Key Gender Differences - Results

  • Only four titles were shared between the women's and men's top 20, and there was no overlap at all in the top five.
  • For men, a sense of "mentoring" by authors encountered as a teenager was mentioned. George Orwell, in particular, was cited frequently. This idea of mentoring had never cropped up in the survey of women's reading.
  • Men use fiction almost physically as a guide to negotiate a difficult journey (but would rarely admit to this being the case).
  • Women use novels metaphorically - the build-up to an emotional crisis and subsequent denouement in a novel such as Jane Eyre might have helped negotiate an emotional progress through a difficult divorce, or provided support during a difficult period at work, or provided solace when things seemed generally dull.
  • Six male authors made it into the women's top 20.
  • Only one woman has made it on to the men's: Harper Lee (To Kill A Mockingbird).

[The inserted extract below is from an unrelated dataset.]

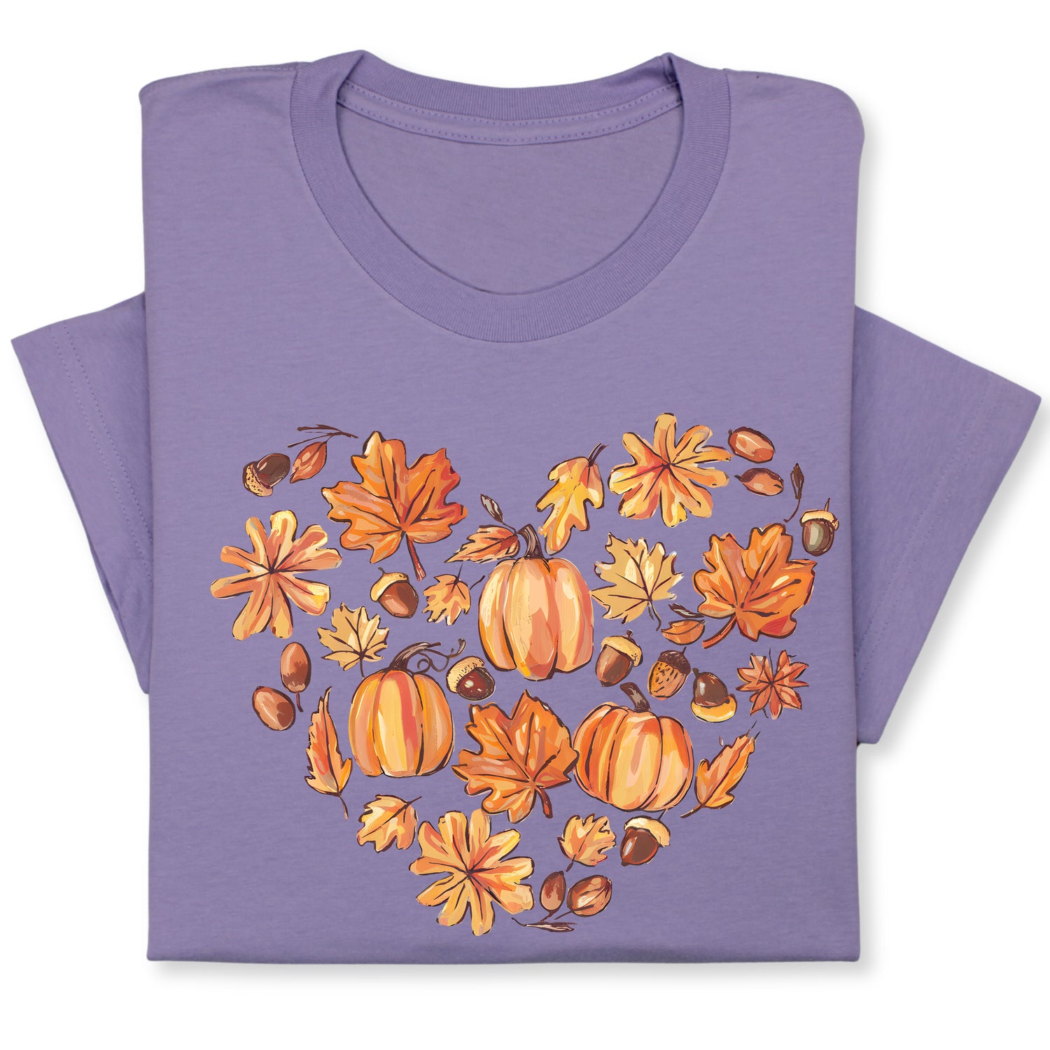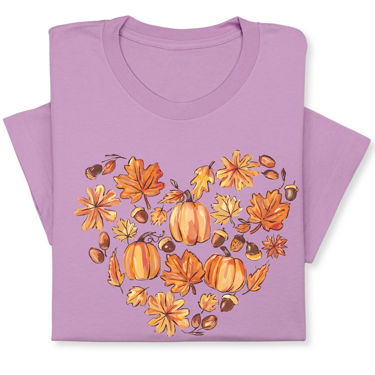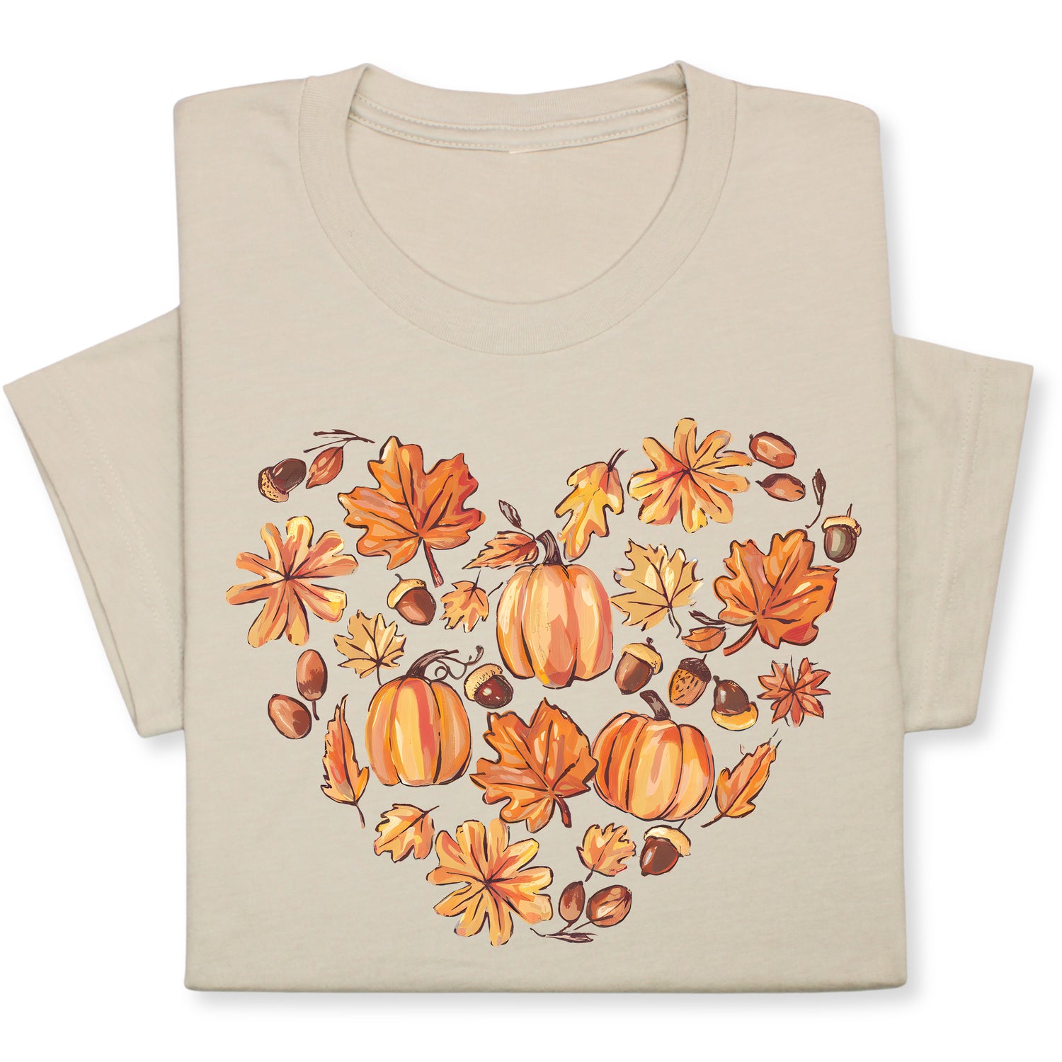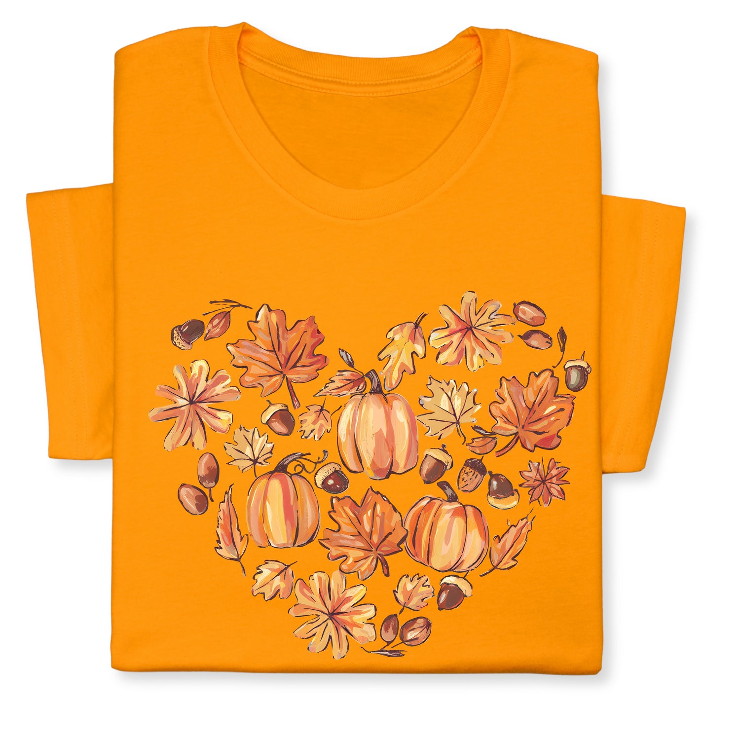 Autumn Heart T-Shirt – Fall Pumpkins & Leaves Design, Thanksgiving Tee, Nature-Inspired Fall Gift Shirt for Her

  • Both women and men replied that the gender of the author played no role in their reading choice. But men were more specific and literal about the kind of plot and character they were interested in reading about. This may have produced an accidental concentration on male authors, for "adventure" and "triumphing over adversity" fiction. Men who continued reading fiction into maturity became increasingly open to novels by women - Iris Murdoch was a particular favourite.